I tak zakończyliśmy to przesympatyczne popołudnie i wieczór.
Fajnie, że udało Wam się zagrać jeszcze w drugą grę. Choć nowa Cywilizacja to dość szybka gra.
Jaka w ogóle jest Twoja opinia na jej temat? Mi się wydała dość prosta i szczerze mówiąc średnio mi się spodobała. W poprzednią zawsze dostawałem ciężkie baty od Kuby, ale mimo wszystko mając do wyboru te dwie gry, wybrałbym tę starszą.
LikeLike
Moje zdanie nt. nowej Cywilizacji planszowej vs. starej jest dokładnie takie samo jak odnośnie gry komputerowej: wersja podstawowa nowej wersji jest o niebo lepsza niż starej wersji, ale dużo słabsza od starej wersji z wszystkimi dodatkami. Dodatkowo, nowa planszowa Cywilizacja umieszcza graczy za daleko od siebie więc brakuje mi negatywnej interakcji 🙂
Co do statystyki starej planszowej Cywilizacji: w 8 grach, które grałem z Kubą on wygrał 4 a ja tez 4 więc tak źle nie jest 🙂 (blog i excel prawdę Ci powie:))
LikeLike
Hehe. 🙂 Może masz rację. Jak wyjdą dodatki to będzie inna gra.

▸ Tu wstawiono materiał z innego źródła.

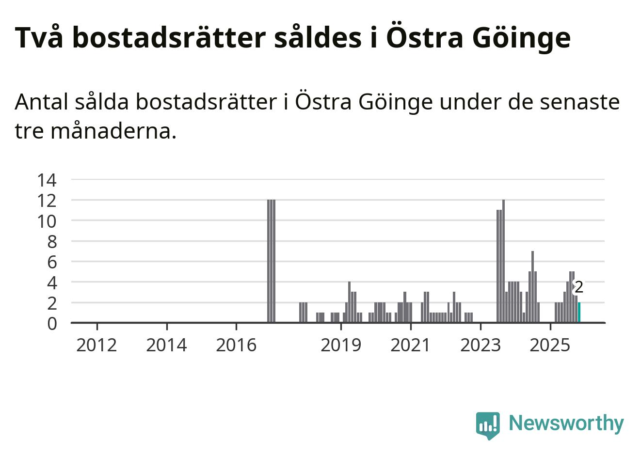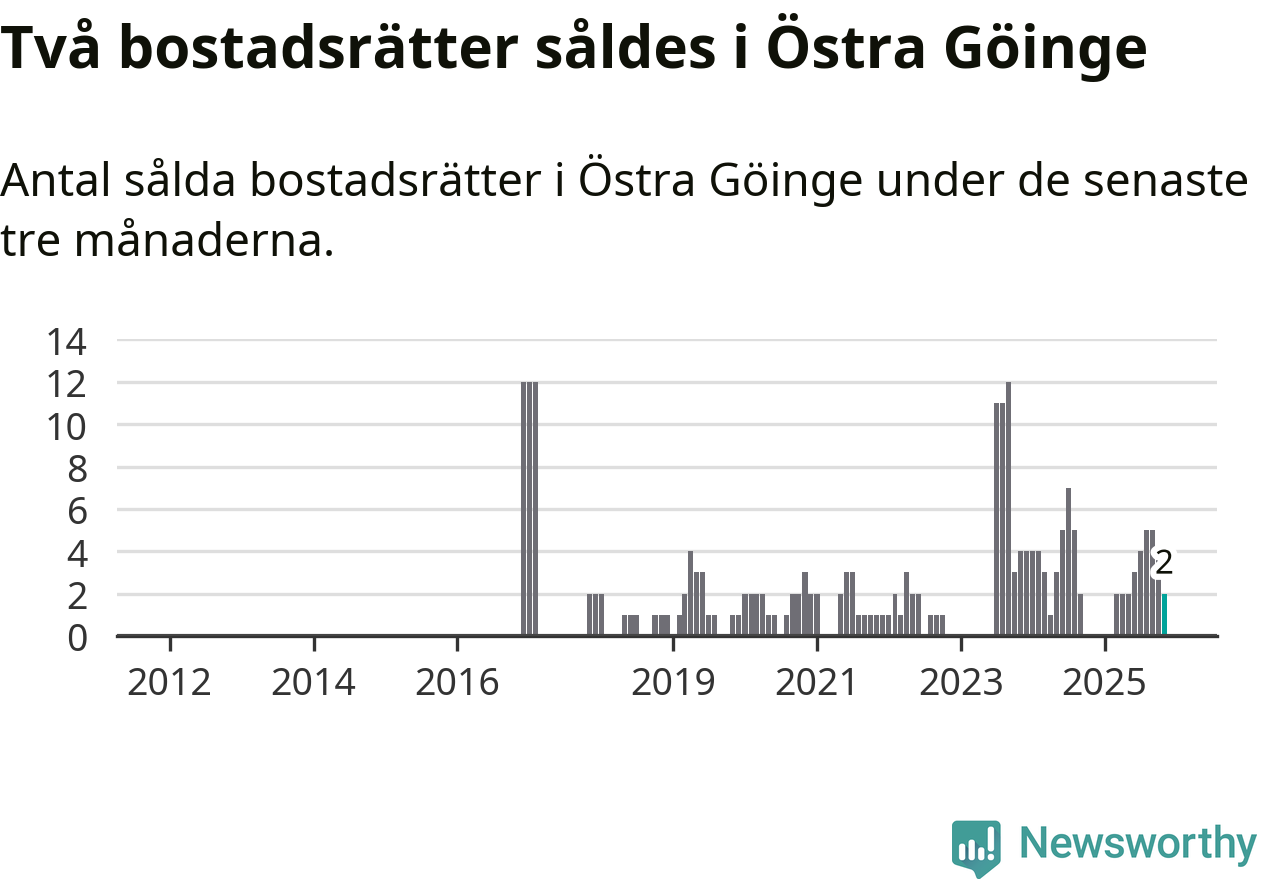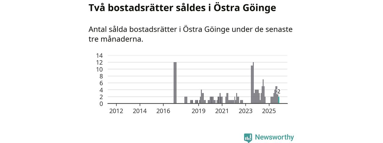 Graf: Antal sålda bostadsrätter i Östra Göinge kommun
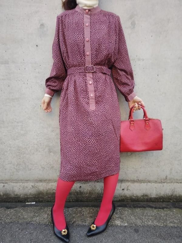 ピンク&パープルの可愛いレトロボタンやベルト付きも
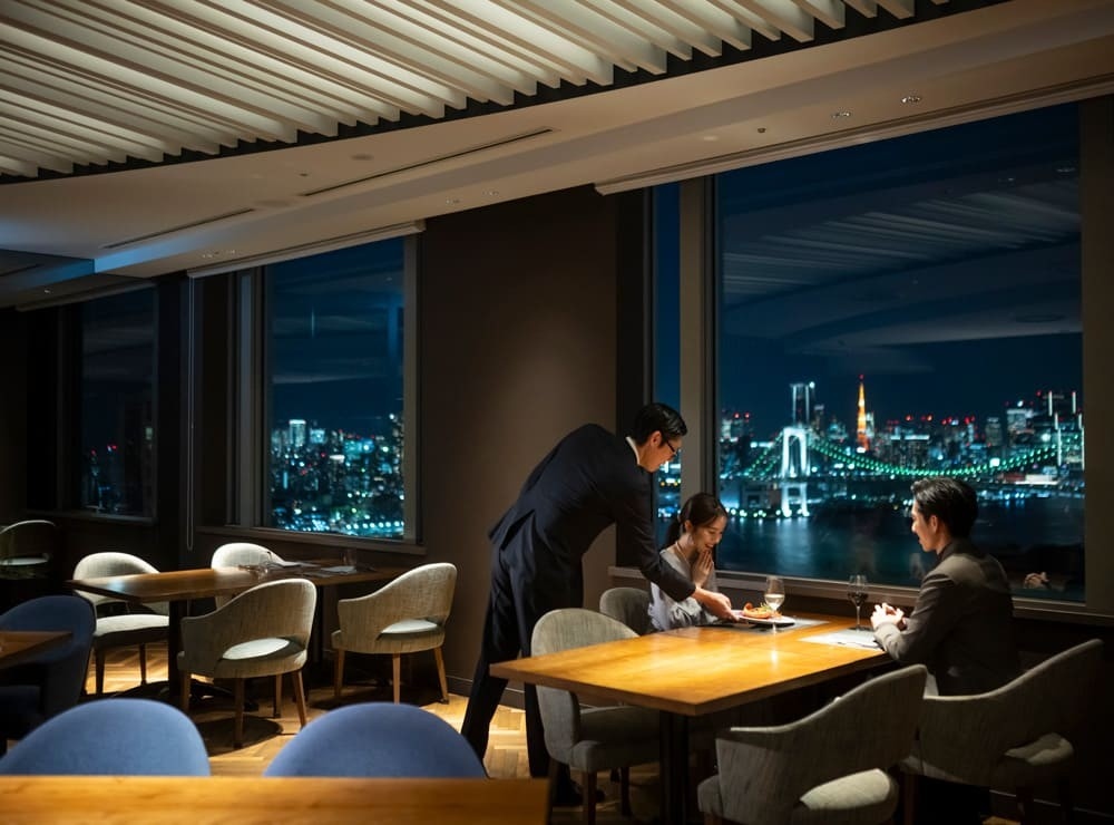 レインボーブリッジが見える客室や大井ふ頭のオレンジ色に染まる夜景など、都心の高層ビルの合間から見える景色とは異なるお台場ならではの解放感と躍動感にあふれる眺望が広がります。
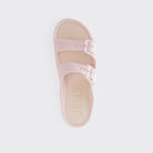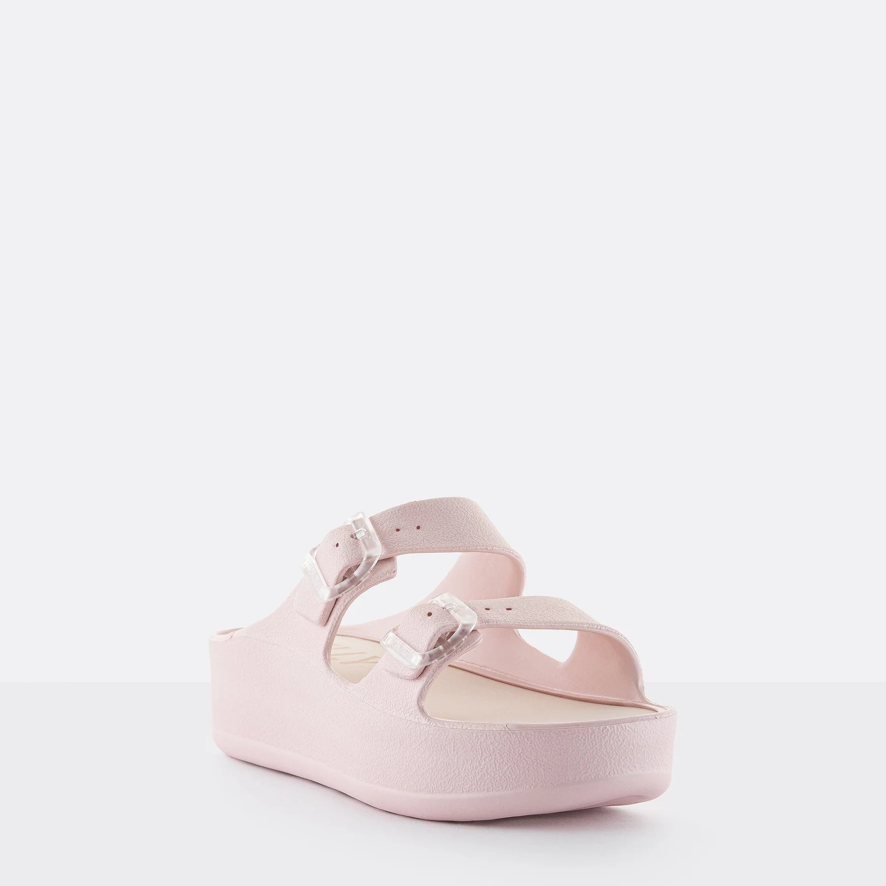 The classic double buckle sandals style is back to the season trends. In a neutral and discreet baby rose shade that goes well with other colour combinations and textures and a 5cm platform heel, these sandals with buckles create sweet moments and loving looks for all your spring and summer adventures. Produced in Portugal, with a vegan stamp and a cushioned insole that ensures all-day comfort.
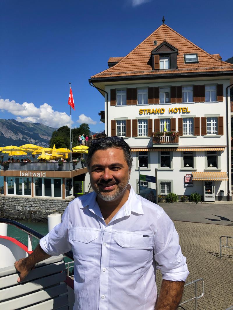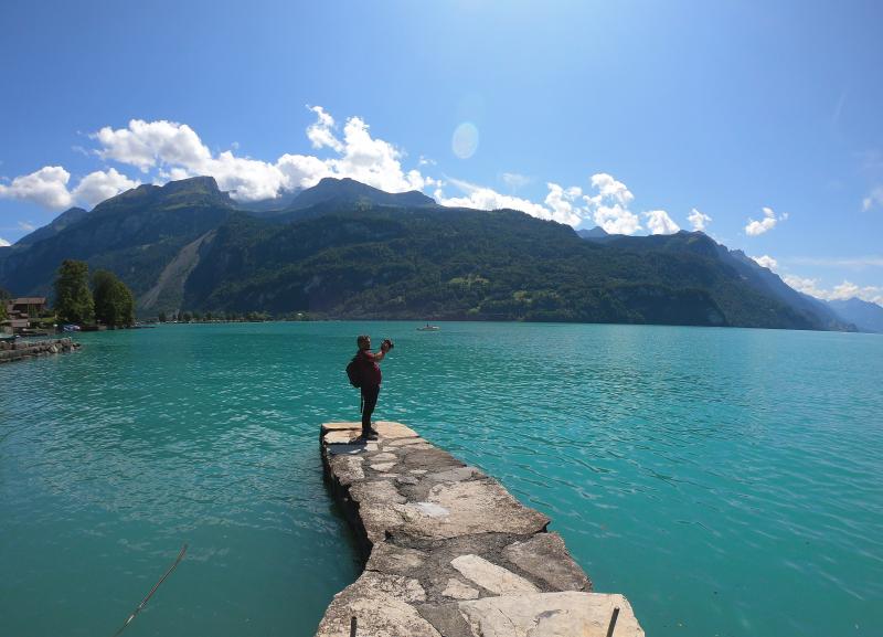 Biz Murat’la biraz göl kenarında dolaşıp, ahşap evleri ve minik iskeleden gölü ve göle fon oluşturan Grat ve Faulhorn dağlarını, gölün ayrılmaz unsuru olan kayıkçıları fotoğrafladıktan sonra artık merkeze doğru yürüyüp, Brienz Gölü’nde tekne turu için biletlerimizi almaya gidiyoruz.
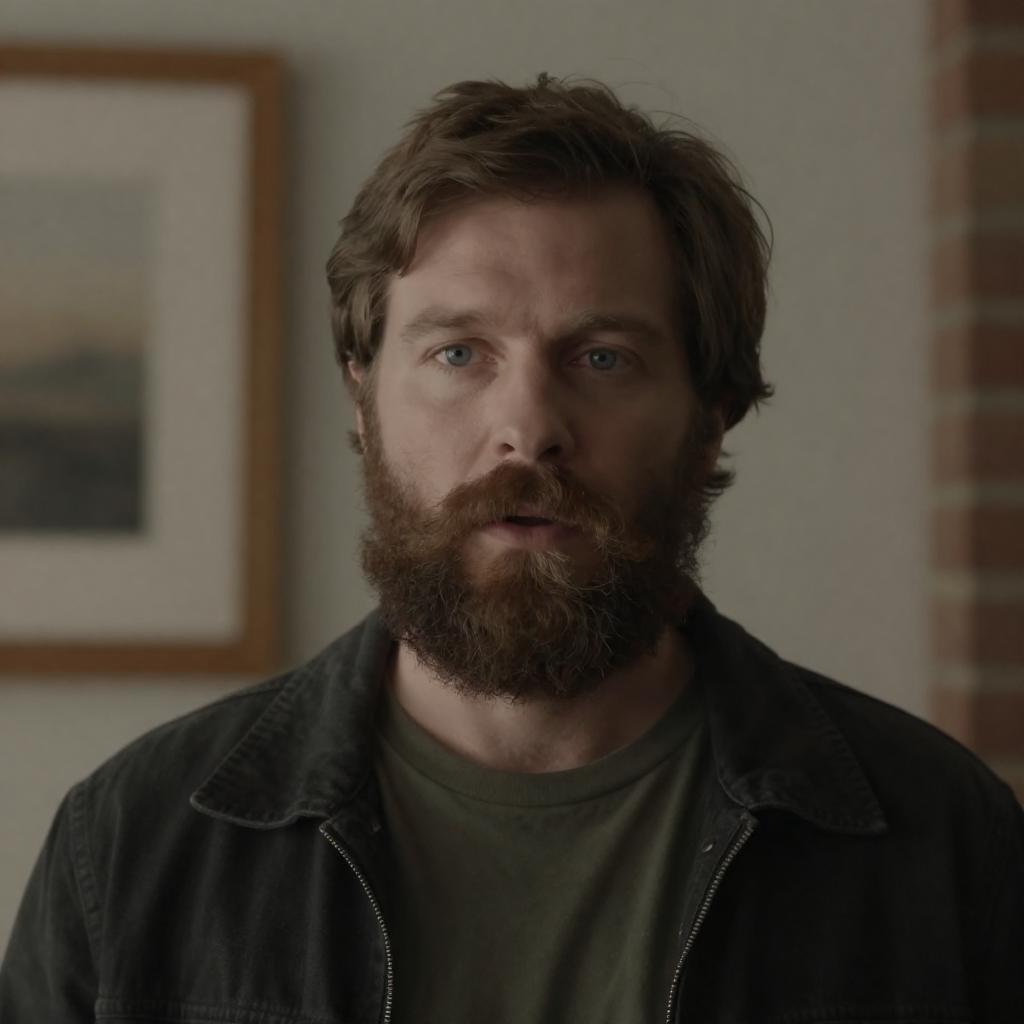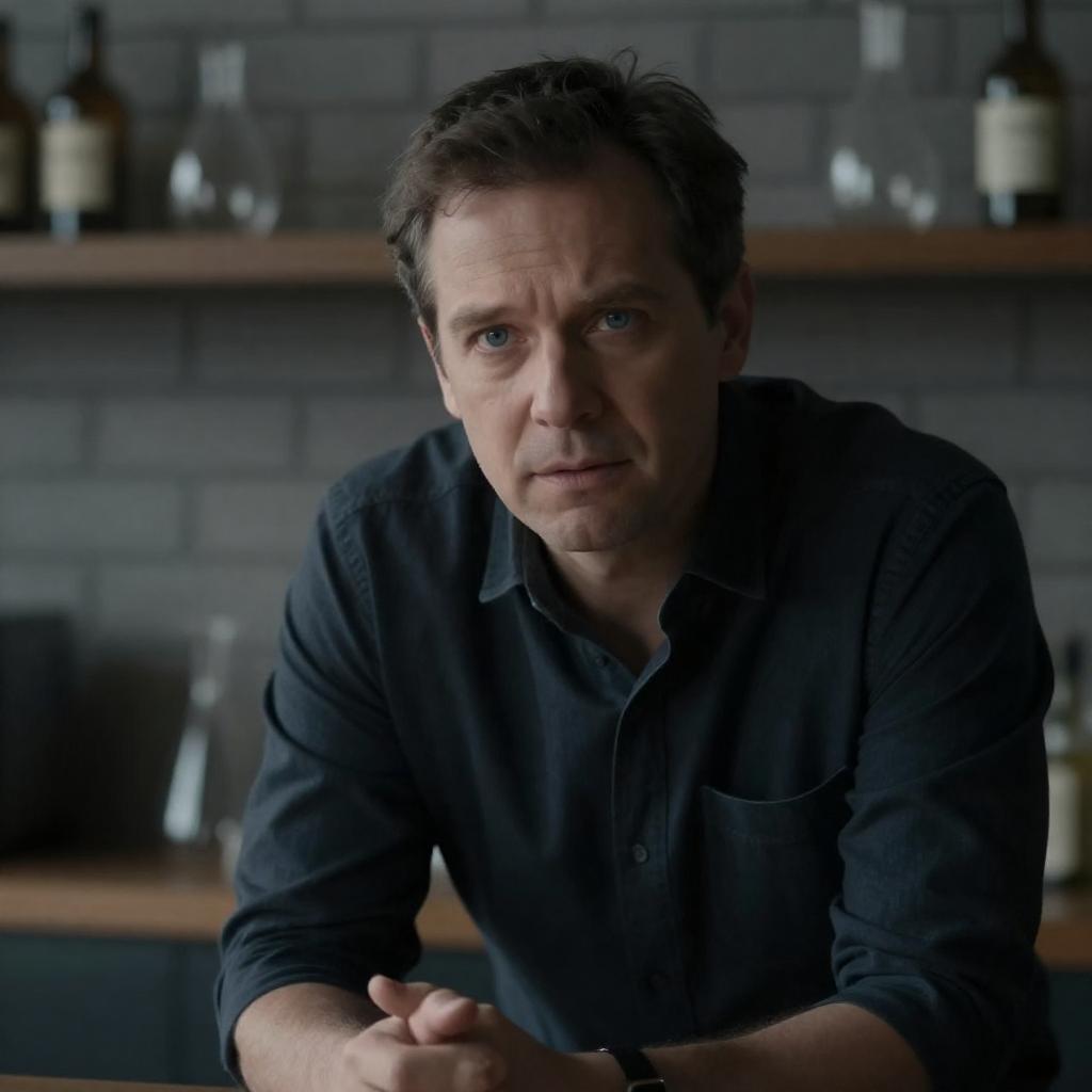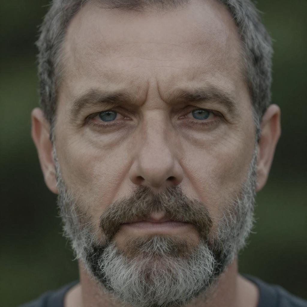 Photograph of a middle-aged man with a rugged beard and disheveled hair, wearing a gray shirt, standing in an industrial workshop. Background includes red and black machinery. Man's intense gaze directed at the camera. Soft, uneven lighting.
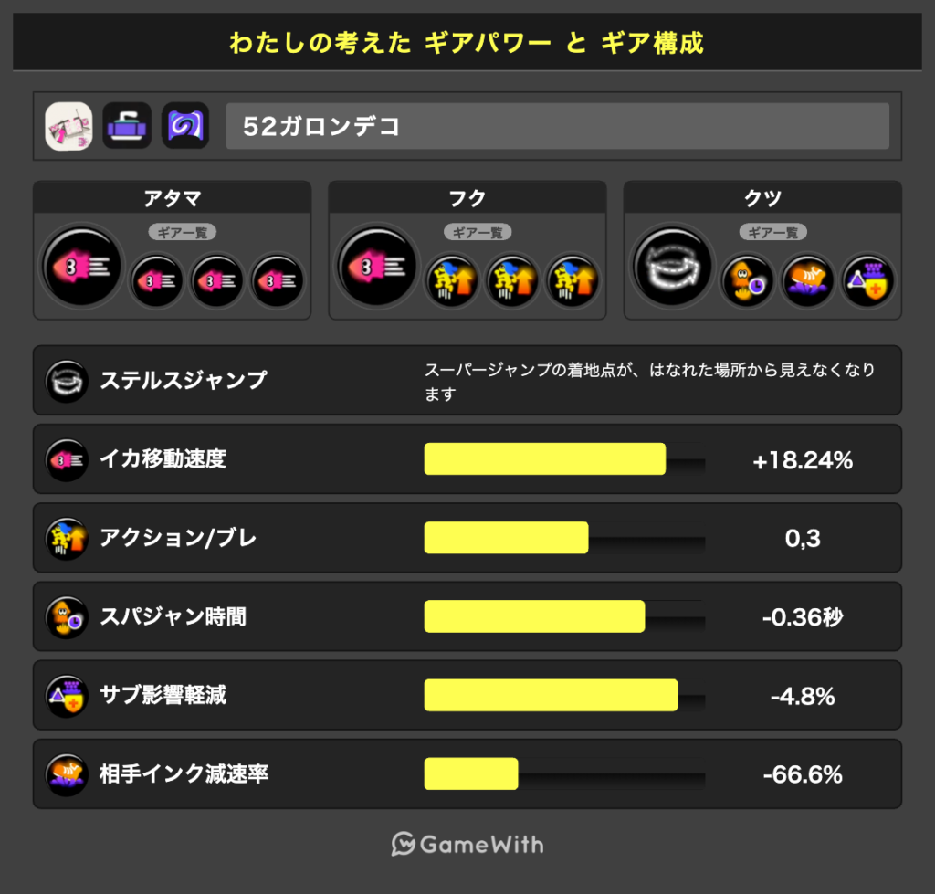 .52ガロンにおすすめギア構成は、画像の通りで、ステルスジャンプでの前線復帰を前提とし、イカ速を多く詰んだ構成となっています。

Na tę chwilę faktycznie mało interakcji, choć akurat w naszej grze to była kwestia wyboru, a nie specyfiki gry. Pamiętam, że miałem miasta dość blisko Kuby i w pewnym momencie agresja wisiała w powietrzu.
No to statystyki masz z pewnością lepsze ode mnie. 😉
LikeLike
Antike brzmi super – lubię gry osadzone w starożytności. Dopiero niedawno odkryłem Marco Polo i bardzo mi się podoba, chociaż zajęło mi chwilę jej zrozumienie 😛 pozdrawiam
LikeLike
Potwierdzam, bardzo dobry wstęp do gier starożytnych – w miarę nieskomplikowane zasady, dużo możliwości plus klimat!